When a social phenomenon becomes so widespread that everyone knows about it, it’s time for the papers to step in and cover it. In this case, the papers have decided it’s time to let us know that many parents are attempting to “reserve” their baby names in advance.
For some, it’s a simple matter of just telling everyone they know what name they have chosen for their impending offspring, with an implicit or express command that nobody else having a baby can use it.
Others send out official notices, get the name embossed and embroidered on everything they can find, and open a Facebook and Twitter account in their unborn baby’s name.
Social researcher Mark McCrindle (from the same company who did the national baby name popularity chart) says that this all part of the movement of wishing our children to be “unique”, and that naming then becomes akin to getting your own “brand”.
Parenting author Maggie Dent notes that this is a step away from tradition. In the past, parents kept their baby names a secret, and often didn’t name a baby until several days after birth, in an effort to get a feel for which name would suit them best.
Swinburne sociology lecturer Deb Dempsey, who is doing a study on baby naming, says that while many parents are still keeping the name a secret, others are going public, and even involving others in the decision, such as asking people on the Internet to help them choose between several different names.
Without disagreeing with any of these people, I would say that this is part of a greater trend – of growing acceptance toward pregnancy and children. While once women were expected to hide their pregnant body under smocks, and to leave their children at home with a babysitter if they went out, we now feel comfortable showing off our baby bumps (celebrities even show their pregnant bodies naked in magazines), and we can take our small children to restaurants and breastfeed in public.
In the same way, we feel more comfortable talking about pregnancy, and that includes sharing the baby names we are thinking of, and posting our ultrasounds on social media. We feel able to ask other people for their opinions, and post polls as to whether they like Madison or Kayla better.
When it comes to actually staking a claim on a name and forbidding others to use it, even if the name is an extremely common one, such as Cooper, or even if the person isn’t yet pregnant (something the papers didn’t cover), then I think that goes a bit past just wanting to be open and share.

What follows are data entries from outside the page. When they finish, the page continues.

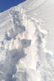 こんな急斜面のグサグサな雪面、スキーで下りるのは怖い。
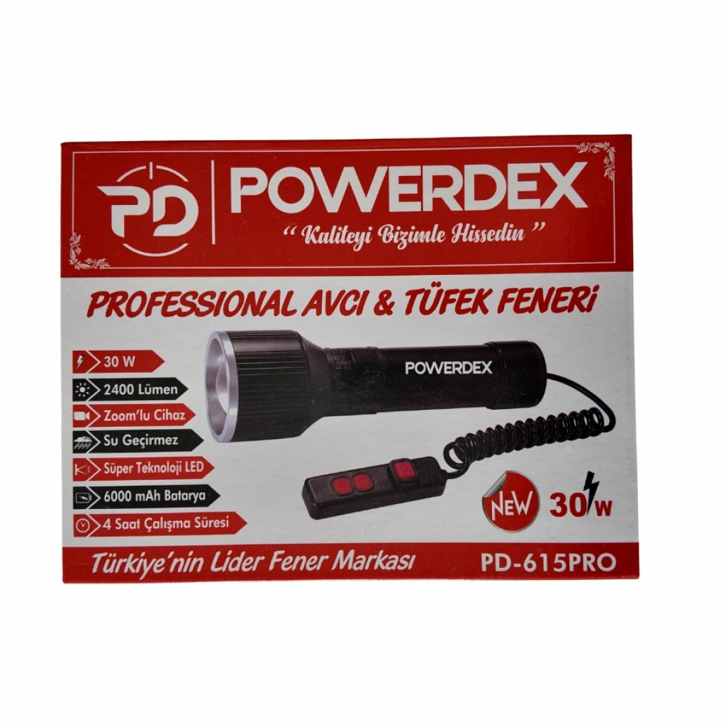 30 watt gücünde LED ışık kaynağı.POWERDEX 30w Şarjlı Ledli Profesyonel Avcı Tüfek El Feneri, nokta atışı aydınlatma sağlayarak avcılık deneyiminizi mükemmelleştirir. Gece avcılığı yaparken güvenle kullanabileceğiniz bu ürün sayesinde her detayı net bir şekilde görebilirsiniz. Av sahalarında kendinizi daha emniyette hissetmek ve başarılı avlar yapmak için Powerdex'i tercih edebilirsiniz. ?
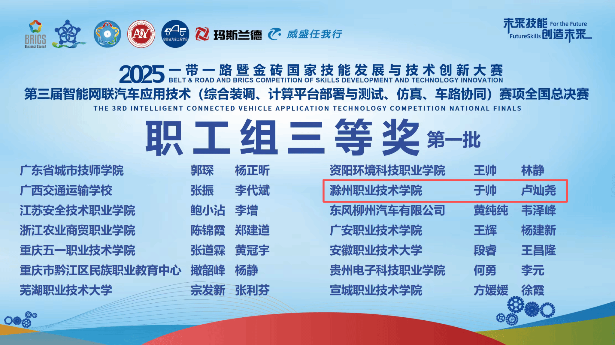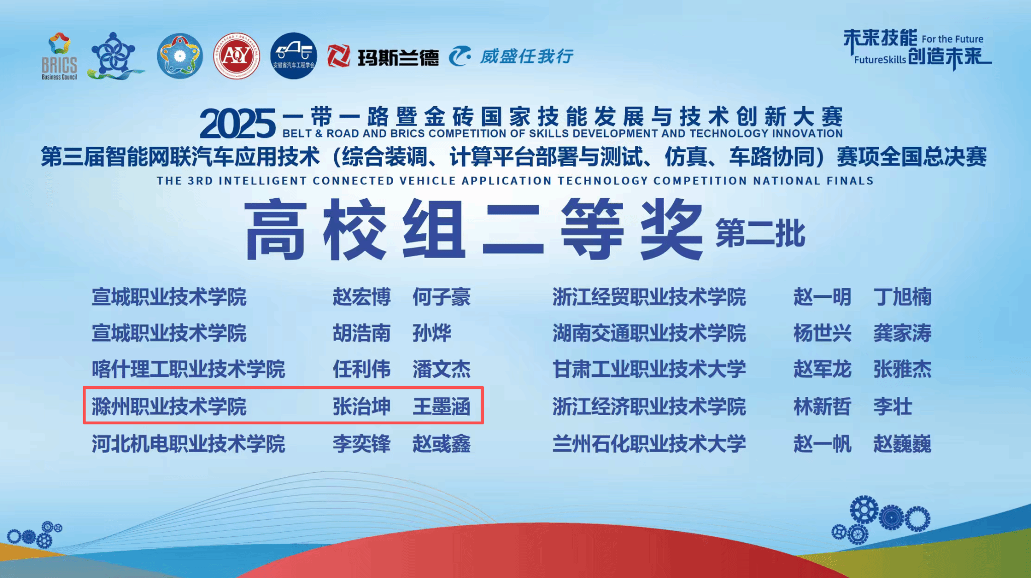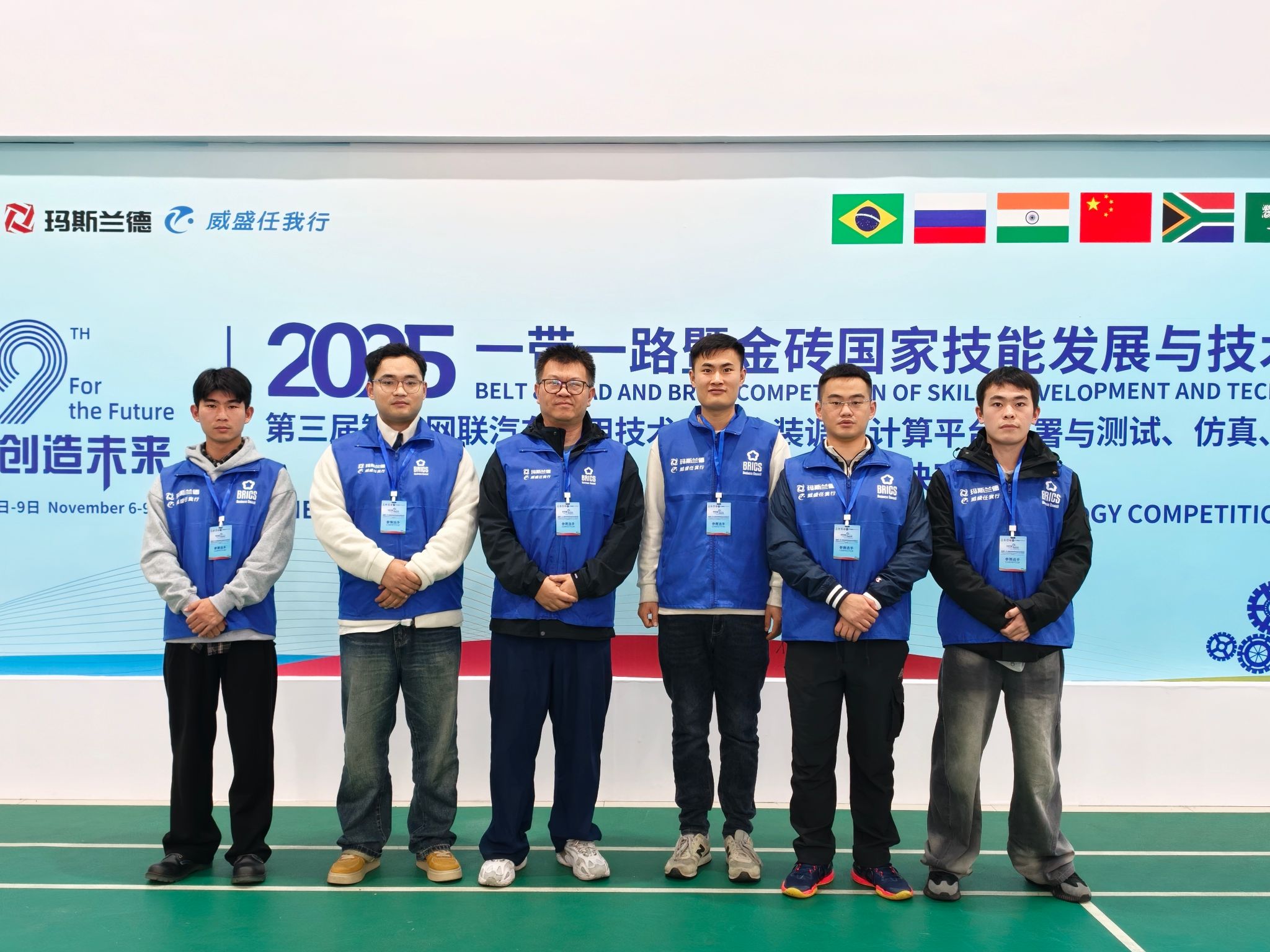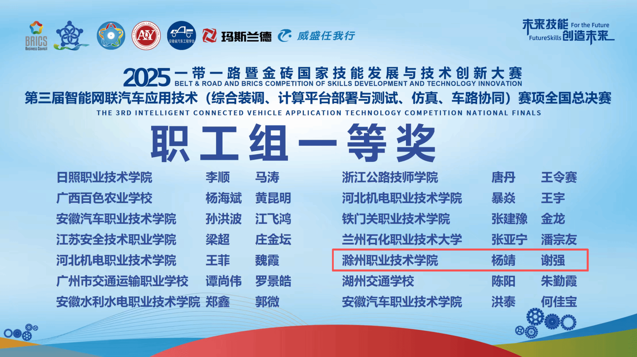 2025年11月7日,2025“一带一路”暨金砖国家技能发展与技术创新大赛第三届智能网联汽车应用技术(综合装调、计算平台部署与测试、仿真、车路协同)赛项全国总决赛在安徽汽车职业技术学院隆重开幕。我校机械与汽车工程学院四名教师与两名学生在赛场同台竞技,在全国290支队伍、580名选手的激烈角逐中脱颖而出,其中职工组杨靖、谢强老师获得一等奖,于帅、卢灿尧老师获得三等奖,学生组在杨章林老师的指导下获得二等奖的好成绩。
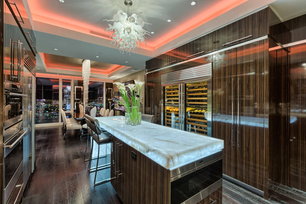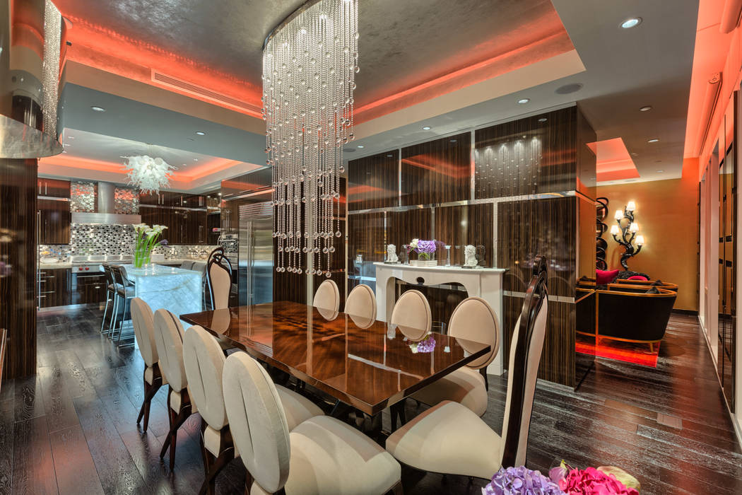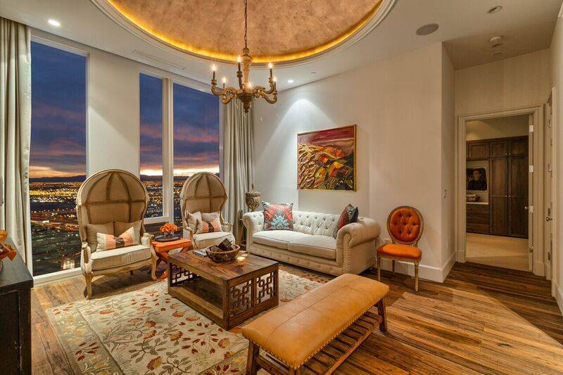 Penthouse 4702 overlooks the Strip from the Waldorf’s top floor. The fully furnished penthouse is privately listed for $6.75 million through Manley.
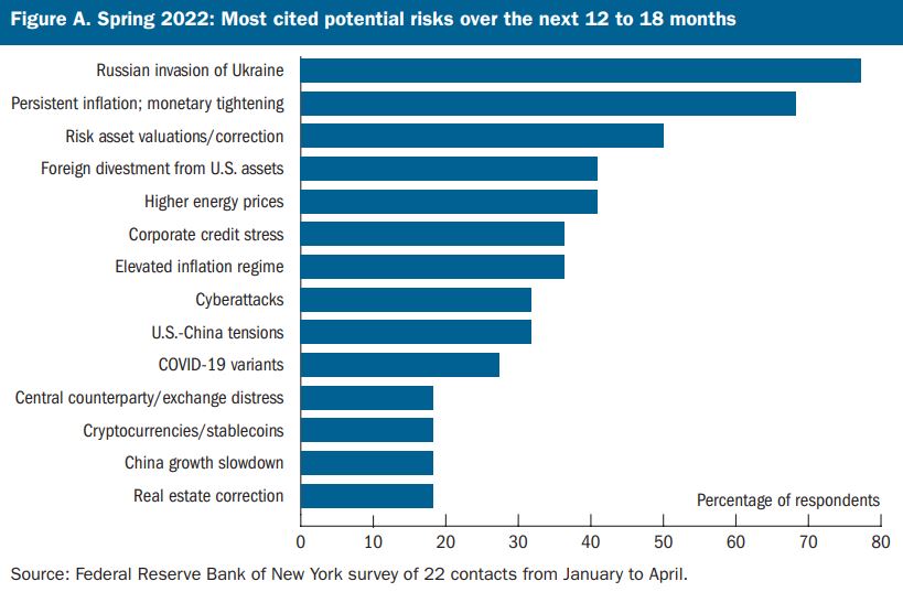 이번 봄 설문에서는 러시아의 우크라이나 침공이 1순위 위험 요소로 떠올랐다. 응답자 80%가 러우 전쟁 위기에 대한 우려를 표하면서, 지난 가을 설문에서 가장 높은 순위에 올랐던 '지속적인 인플레이션·통화긴축'을 밀어냈다.

A buzz word that gets thrown around a lot when discussing modern life is entitlement, and it is hard for me to understand how you can believe that you deserve the right to claim exclusive rights to any name in advance without a fairly decent-sized sense of self-entitlement attached. I am curious as to where that sense of self-entitlement comes from.
Thankfully I haven’t run into any “Name Reservers” yet, but I have heard plenty of people complaining about them, and it seems to be more recent. On the one hand, I suppose I can see where a Name Reserver is coming from. However, I think I would be bit irritated if somebody took one of the names I loved, but I’d get over it, and use the name anyway. I can see how somebody might get irritated if somebody else announces “Hey, we’ve put dibs on these names and you can’t use them because we said so.” Definitely arrogant and I would think the person is full of entitlement. My thing is, if one of the names you love is in the top 100 within your area, then you should expect the possibility that someone else in your circle might use that name as well. If you want your child to not share their names with others, then look outside the top 100. I have noticed that Name Reservers also happen to love popular names.
Yes, it does often seem to be someone who has their eye on Emily or Mason who tries to shoo other people away from it!
I also get a bit ticked off with people who claim a name is “theirs”, because it’s very special to them eg “Emily was my great-grandmother’s name!”, as if the same name can’t be special to someone else.